Problem description |
Reproduce the records that follow without alteration, apart from removing the pictures.

The input |

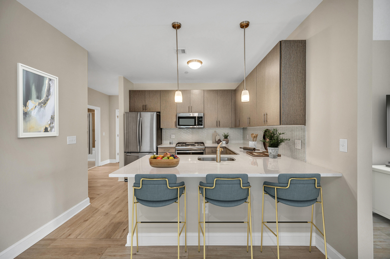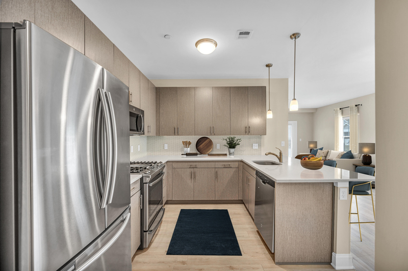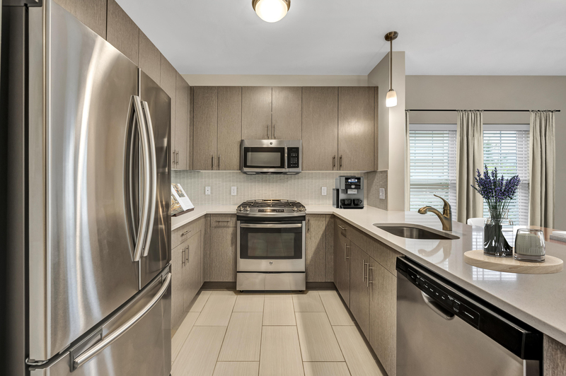 Inside your new home, you’ll enjoy fully equipped kitchens with sleek stainless steel appliances, quartz countertops, kitchen islands, and soft-close cabinets and drawers. Luxuriate in ceramic-tiled kitchens and baths, plush carpeted bedrooms, spacious closets, and the convenience of in-suite washers and dryers. Select apartments even offer private entry through a patio, while townhomes feature attached garages for added ease. Relax on your private balcony or patio, all while controlling your own central air and heat.
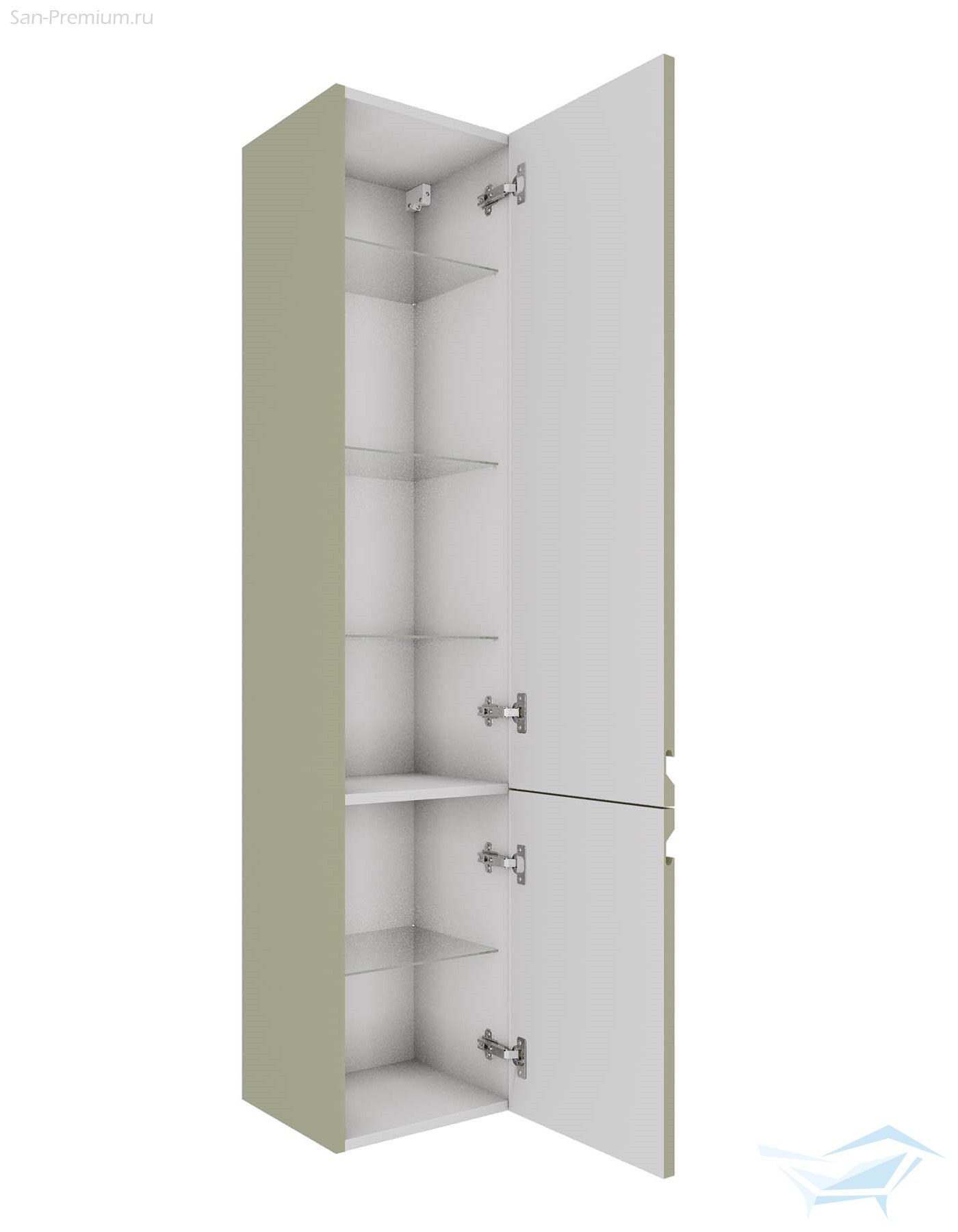 Пенал Aquatek Вега 1600x350, 2 двери, петли справа, шалфей зелёный
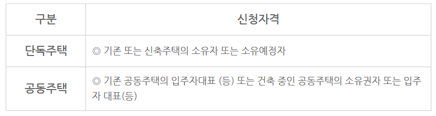 ② 신축주택의 경우 신청시점부터 에너지원별 설치완료 기간 내 설치가 가능한 주택에 한하여 지원됩니다. (설치기한 내 미설치 시 사업취소 사유 해당)
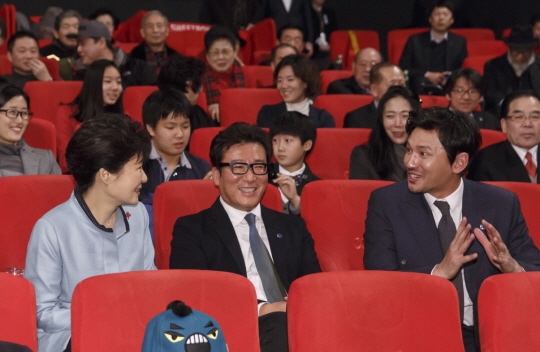 ¿µÈ­°¡ ³¡³ª°í ¹Ú ´ëÅë·ÉÀº ÁÂÃø¿¡ ¾É¾Æ ¿µÈ­¸¦ ÇÔ²² °ü¶÷ÇÑ ¹è¿ì ȲÁ¤¹Î ä«(±ØÁß À±´ö¼ö ¿ª)¿Í À±Á¦±Õ °¨µ¶¿¡°Ô "°¨µ¿ÀûÀÎ ¿µÈ­ Á¤¸» Àß ºÃ½À´Ï´Ù. ¾ÕÀ¸·Îµµ ÀÌ·± ÁÁÀº ¿µÈ­¸¦ ¸¹ÀÌ ¸¸µé¾úÀ¸¸é ÁÁ°Ú½À´Ï´Ù."¶ó°í ¸»Çß½À´Ï´Ù.
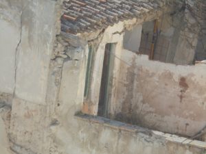 La cubierta está a punto de caer. En los últimos años han estado desplomándose gran parte de los muros hacia el patio interior. Hace varios cayeron los situados a su derecha y a su izquierda. Hace más de un año cayó todo el suelo que divide las dos plantas de este módulo.
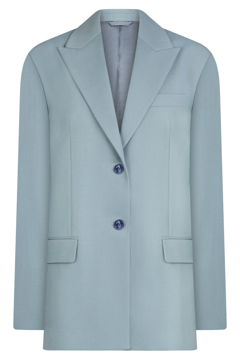 Jarida Single Breasted Wool Blend Blazer | Aqua Blue
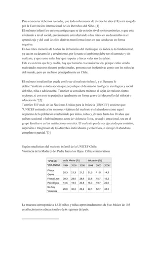 El documento describe los diferentes tipos de maltrato infantil, incluyendo el maltrato físico, psicológico, sexual, abandono físico y emocional, y niños testigos de violencia doméstica. Explica que el maltrato infantil afecta a la sociedad y ocurre en todos los estratos socioeconómicos. Además, presenta estadísticas de la UNICEF sobre los niveles de violencia de los padres hacia los hijos en Chile y cómo estos niveles no han disminuido significativamente a través de los
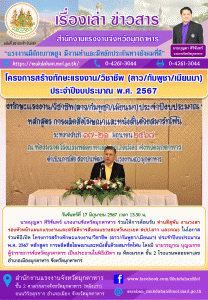 แรงงานจังหวัดมุกดาหาร ร่วมเป็นเกียรติในพิธีเปิดโครงการสร้างทักษะแรงงาน/วิชาชีพ (ลาว/กัมพูชา/เมียนมา) ประจำปีงบประมาณ พ.ศ. 2567
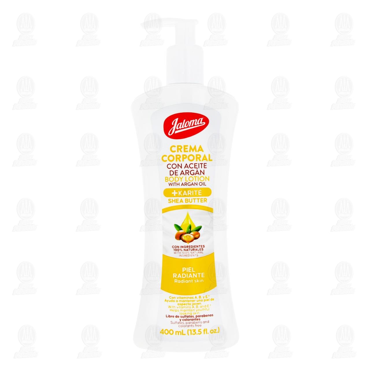 Crema Corporal Jaloma con Aceite de Argán + Karité, ayuda a mantener una piel de aspecto joven y radiante con vitaminas A, B y E. Contiene 400 mililitros.
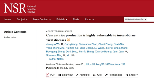 Jian-guo Wu, Guo-yi Yang, Shan-shan Zhao, Shuai Zhang, Bi-xia Qin, Yong-sheng Zhu, Hui-ting Xie, Qing Chang, Lu Wang, Jie Hu, Chao Zhang, Bao-gang Zhang, Da-li Zeng, Jian-fu Zhang, Xian-bo Huang, Qian Qian, Shou-wei Ding, Yi Li. Current rice production is highly vulnerable to insect-borne viral diseases, National Science Review, 2022. https://doi.org/10.1093/nsr/nwac131.
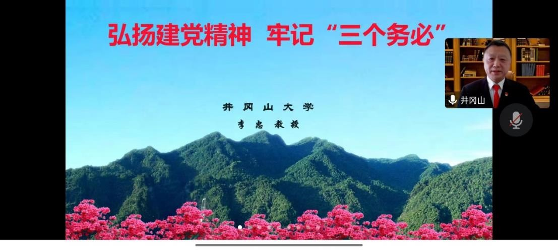 为全面深入学习领会党的二十大精神,落实中共太阳成集团tyc33455cc官网委员会学习宣传贯彻党的二十大精神工作方案要求,引导学院师生踔厉奋发、勇毅前行,近日,太阳成官网思政讲堂邀请井冈山大学教授李忠讲授题为《弘扬建党精神,牢记“三个务必”》的线上专题讲座。学院师生党员参加学习。讲座由学院党委书记樊勇主持。
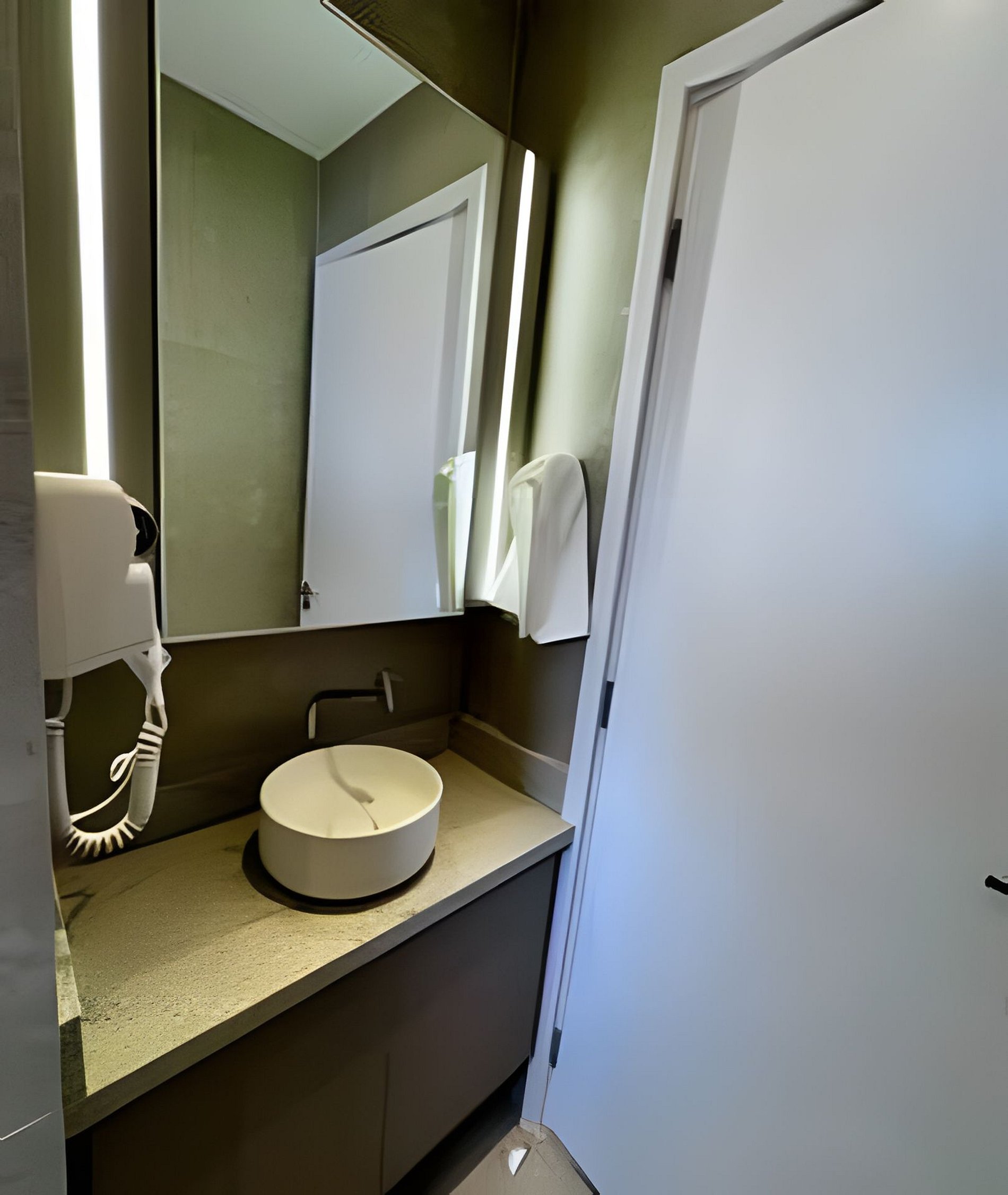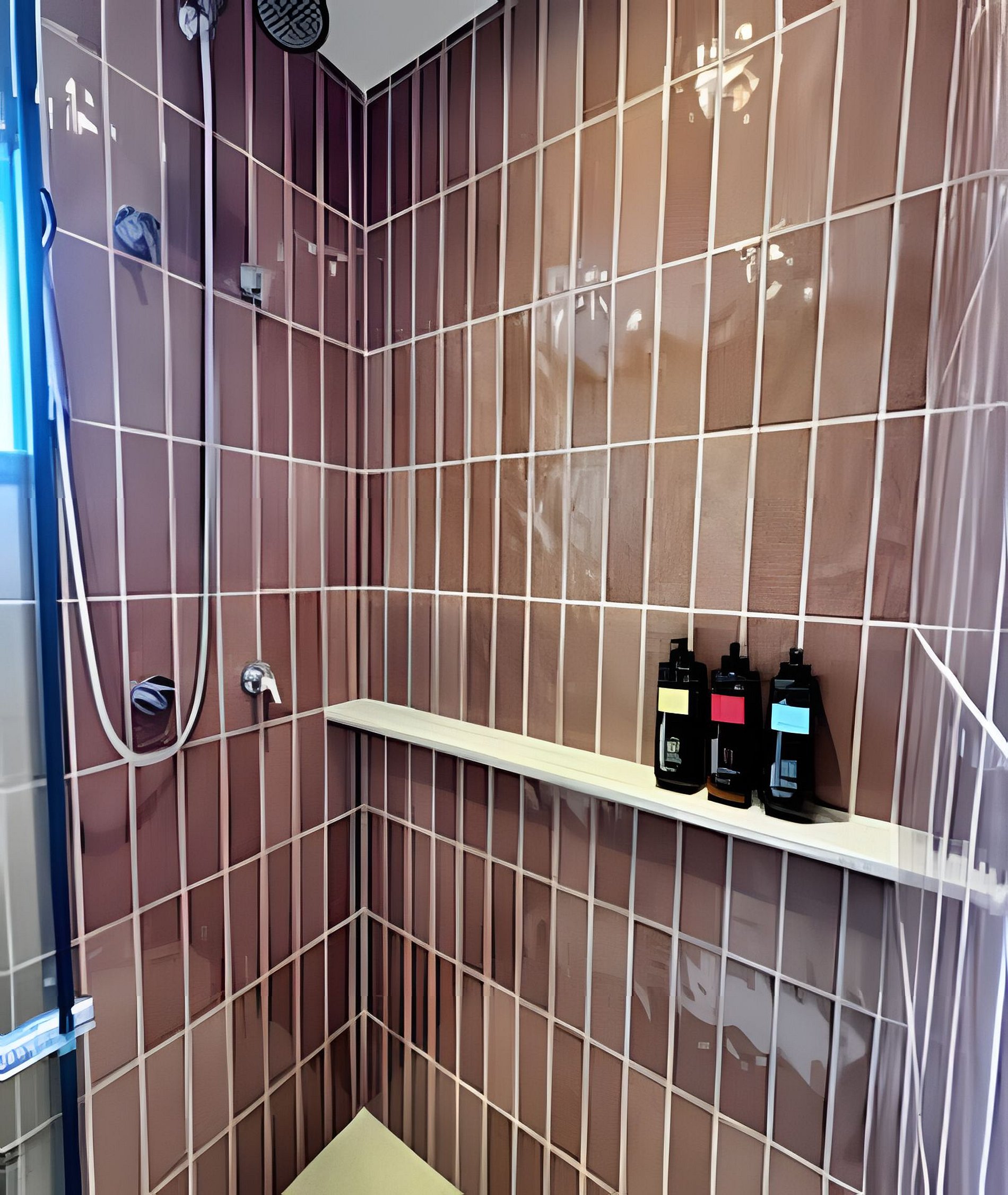 • Banheiro moderno com ducha potente, kit de higiene, toalha de banho e rosto

Answer |
 Inside your new home, you’ll enjoy fully equipped kitchens with sleek stainless steel appliances, quartz countertops, kitchen islands, and soft-close cabinets and drawers. Luxuriate in ceramic-tiled kitchens and baths, plush carpeted bedrooms, spacious closets, and the convenience of in-suite washers and dryers. Select apartments even offer private entry through a patio, while townhomes feature attached garages for added ease. Relax on your private balcony or patio, all while controlling your own central air and heat.
 Пенал Aquatek Вега 1600x350, 2 двери, петли справа, шалфей зелёный
 ② 신축주택의 경우 신청시점부터 에너지원별 설치완료 기간 내 설치가 가능한 주택에 한하여 지원됩니다. (설치기한 내 미설치 시 사업취소 사유 해당)
 ¿µÈ­°¡ ³¡³ª°í ¹Ú ´ëÅë·ÉÀº ÁÂÃø¿¡ ¾É¾Æ ¿µÈ­¸¦ ÇÔ²² °ü¶÷ÇÑ ¹è¿ì ȲÁ¤¹Î ä«(±ØÁß À±´ö¼ö ¿ª)¿Í À±Á¦±Õ °¨µ¶¿¡°Ô "°¨µ¿ÀûÀÎ ¿µÈ­ Á¤¸» Àß ºÃ½À´Ï´Ù. ¾ÕÀ¸·Îµµ ÀÌ·± ÁÁÀº ¿µÈ­¸¦ ¸¹ÀÌ ¸¸µé¾úÀ¸¸é ÁÁ°Ú½À´Ï´Ù."¶ó°í ¸»Çß½À´Ï´Ù.
 La cubierta está a punto de caer. En los últimos años han estado desplomándose gran parte de los muros hacia el patio interior. Hace varios cayeron los situados a su derecha y a su izquierda. Hace más de un año cayó todo el suelo que divide las dos plantas de este módulo.
 Jarida Single Breasted Wool Blend Blazer | Aqua Blue
 El documento describe los diferentes tipos de maltrato infantil, incluyendo el maltrato físico, psicológico, sexual, abandono físico y emocional, y niños testigos de violencia doméstica. Explica que el maltrato infantil afecta a la sociedad y ocurre en todos los estratos socioeconómicos. Además, presenta estadísticas de la UNICEF sobre los niveles de violencia de los padres hacia los hijos en Chile y cómo estos niveles no han disminuido significativamente a través de los
 แรงงานจังหวัดมุกดาหาร ร่วมเป็นเกียรติในพิธีเปิดโครงการสร้างทักษะแรงงาน/วิชาชีพ (ลาว/กัมพูชา/เมียนมา) ประจำปีงบประมาณ พ.ศ. 2567
 Crema Corporal Jaloma con Aceite de Argán + Karité, ayuda a mantener una piel de aspecto joven y radiante con vitaminas A, B y E. Contiene 400 mililitros.
 Jian-guo Wu, Guo-yi Yang, Shan-shan Zhao, Shuai Zhang, Bi-xia Qin, Yong-sheng Zhu, Hui-ting Xie, Qing Chang, Lu Wang, Jie Hu, Chao Zhang, Bao-gang Zhang, Da-li Zeng, Jian-fu Zhang, Xian-bo Huang, Qian Qian, Shou-wei Ding, Yi Li. Current rice production is highly vulnerable to insect-borne viral diseases, National Science Review, 2022. https://doi.org/10.1093/nsr/nwac131.
 为全面深入学习领会党的二十大精神,落实中共太阳成集团tyc33455cc官网委员会学习宣传贯彻党的二十大精神工作方案要求,引导学院师生踔厉奋发、勇毅前行,近日,太阳成官网思政讲堂邀请井冈山大学教授李忠讲授题为《弘扬建党精神,牢记“三个务必”》的线上专题讲座。学院师生党员参加学习。讲座由学院党委书记樊勇主持。
 • Banheiro moderno com ducha potente, kit de higiene, toalha de banho e rosto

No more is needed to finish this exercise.